§ The task:
Using the records below, quote only the span that opens with the line containing "Число погибших в" and closes with the line containing "Project Description: This", exactly and inclusively.

§ Source material:
·····
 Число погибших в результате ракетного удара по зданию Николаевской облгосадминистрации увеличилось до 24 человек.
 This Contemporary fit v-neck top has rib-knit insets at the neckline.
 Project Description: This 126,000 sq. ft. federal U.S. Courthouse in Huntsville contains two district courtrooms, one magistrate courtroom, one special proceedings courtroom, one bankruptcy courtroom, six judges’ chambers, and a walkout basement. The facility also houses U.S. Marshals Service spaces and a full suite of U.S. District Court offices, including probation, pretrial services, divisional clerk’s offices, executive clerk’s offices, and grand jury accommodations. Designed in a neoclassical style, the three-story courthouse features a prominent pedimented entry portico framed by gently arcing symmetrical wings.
·····
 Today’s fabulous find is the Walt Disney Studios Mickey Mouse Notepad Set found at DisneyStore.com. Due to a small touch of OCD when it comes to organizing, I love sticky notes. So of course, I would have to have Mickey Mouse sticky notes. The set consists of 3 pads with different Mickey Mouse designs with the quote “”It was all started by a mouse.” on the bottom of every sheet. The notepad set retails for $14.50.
·····
§ Output for this exercise:
 Число погибших в результате ракетного удара по зданию Николаевской облгосадминистрации увеличилось до 24 человек.
 This Contemporary fit v-neck top has rib-knit insets at the neckline.
 Project Description: This 126,000 sq. ft. federal U.S. Courthouse in Huntsville contains two district courtrooms, one magistrate courtroom, one special proceedings courtroom, one bankruptcy courtroom, six judges’ chambers, and a walkout basement. The facility also houses U.S. Marshals Service spaces and a full suite of U.S. District Court offices, including probation, pretrial services, divisional clerk’s offices, executive clerk’s offices, and grand jury accommodations. Designed in a neoclassical style, the three-story courthouse features a prominent pedimented entry portico framed by gently arcing symmetrical wings.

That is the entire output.